Coding

Contents of this chapter:

What is coding?
a coding file example
an output file example
how to search coding strings
just the codes

What is coding?

Coding is used for creating input to multivariate analysis programs like Varbrul; general statistical programming environments like S, Splus, and R; and statistical analysis packages like Datadesk, JMP, SAS, and SPSS.

Coding string values in a coding file may be in part automatically determined with coding queries and in part hand entered in a text editor. The resultant files can then be inputs to further searches.

a coding file example

Here's an example of a basic coding file, written by Ann Taylor. It's called "obj.c". All coding file names must end with ".c". To simplify our discussion, we show only the first three columns of an originally more complicated coding system.

node: IP*
coding_query:

1: {
        s: (IP-SPE* iDoms NP-OB*)
        n: ELSE
   }

2: {
        m: (IP-MAT* iDoms NP-OB*)
        s: (IP-SUB* iDoms NP-OB*)
        i: (IP-INF* iDoms NP-OB*)
        e: ELSE

   }

3: {
        t: ((IP* iDoms NEG)
          AND (NEG iDoms !ne))
        p: (IP* iDoms !NEG)
        n: ELSE
   }

In general, coding files have this form:

<PREAMBLE>
coding_query:

column_number: {
	label: condition
	label: condition 
	.
	.
	.
	}

The coding file begins with the preamble commands (see Command File chapter), which must include the obligatory bounding node for the coding queries. The obligatory query specification "coding_query:" then introduces the coding queries for each column of the output coding string.

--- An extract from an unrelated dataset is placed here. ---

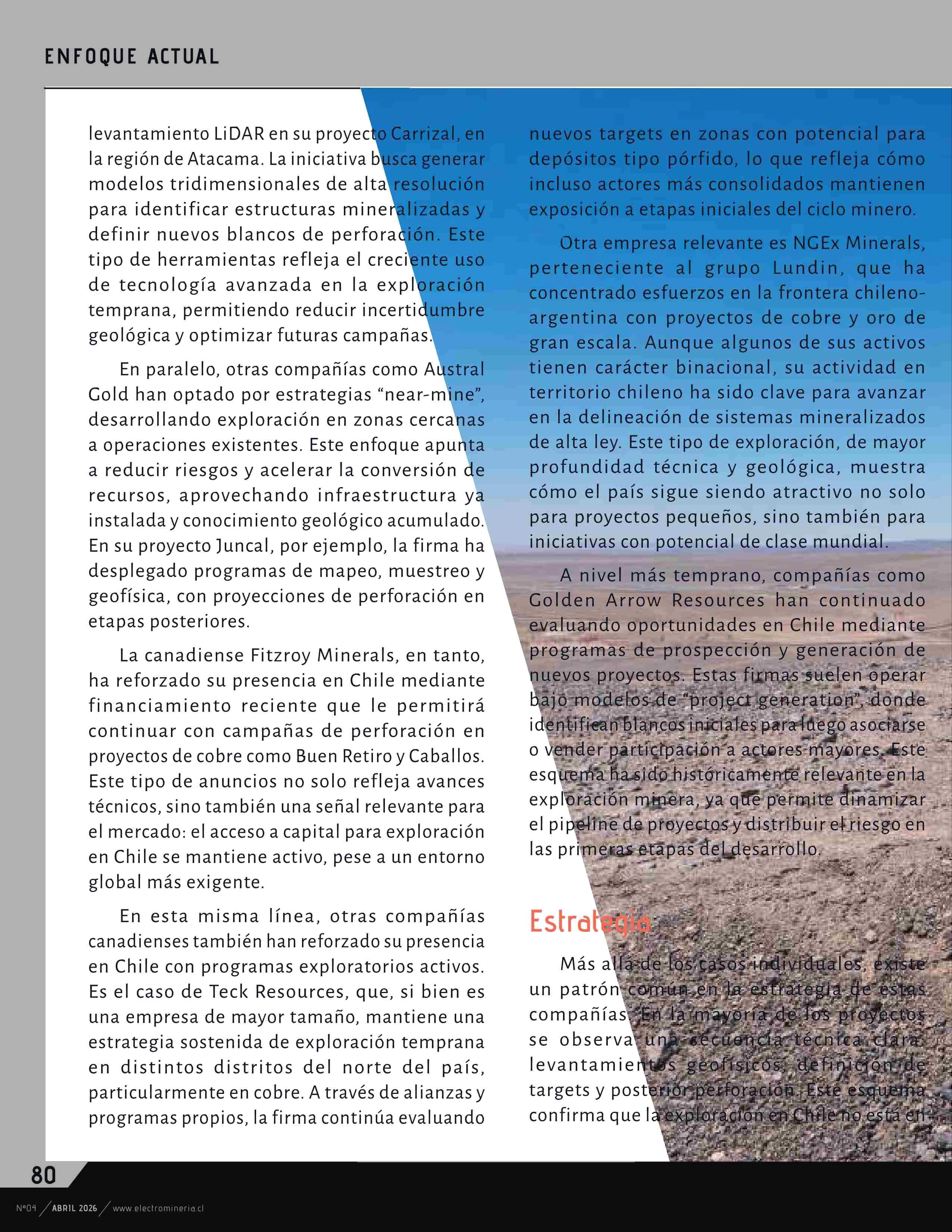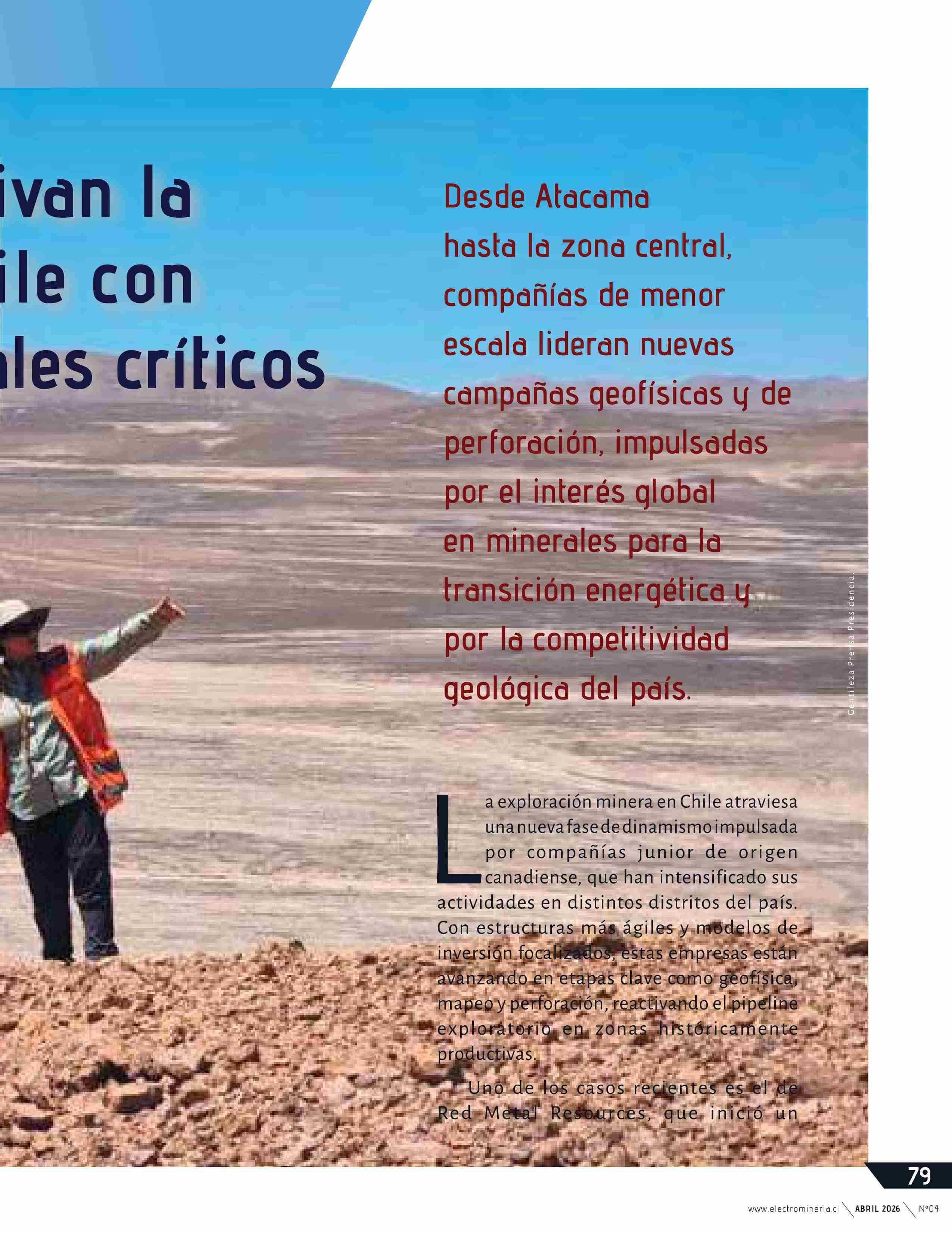 Juniors canadienses reactivan la exploración minera en CHile 09-04-2026 Electrominería |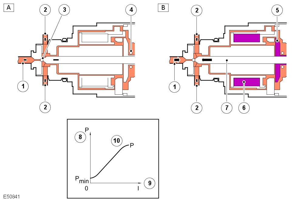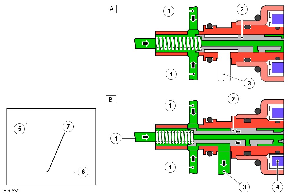 The ECM energizes the coil (4) of the valve, according to the engines requirements. The armature force is proportional to the control current and counteracts the compression spring through the moving piston (2).

In the present example, column 1 of the coding string will contain an "s" if IP-SPE* iDoms NP-OB*. Otherwise, due to the presence of the "ELSE" function (used only in coding queries), the column will contain an "n".

Coding query files are alternatives to ordinary query files in a CorpusSearch run. So, to code a file, invoke CorpusSearch as follows:

java CorpusSearch <coding_file.c> <file_to_code>

an output file example

Output files resulting from coding will carry the extension .cod. They contain every token of the input file, with coding nodes inserted at every boundary node. A coding node has the form:

(CODING <coding_string>)

If a given sentence contains more than one boundary node, the output sentence will contain multiple coding nodes. Here's a sentence from the output file resulting from the above coding file:

/~*
knewe kyndes & complexciones of men & of bestus
(CMHORSES,85.2)
*~/


( ( IP-SUB (CODING n:s:p)
             (NP-SBJ *T*-1)
             (VBD knewe)
             (NP-OB1 (NS kyndes)
                       (CONJ &)
                       (NS complexciones)
                       (PP
                       (PP (10 P of)
                       (NP (12 NS men)))
                       (CONJP (CONJ &)
                       (PP    (P of)
                       (NP (NS bestus)))))))
              (ID CMHORSES,85.2))

how to search coding strings

Coding strings may be searched using column. For instance, to find all boundary nodes whose coding string contains "m" or "p" in the 7th column, use this query:

query:  (CODING column7 m|p)

just the codes

To obtain a file with only the coding strings, use print_only as follows:

print_only: CODING

The extension of the resultant output file will be .ooo.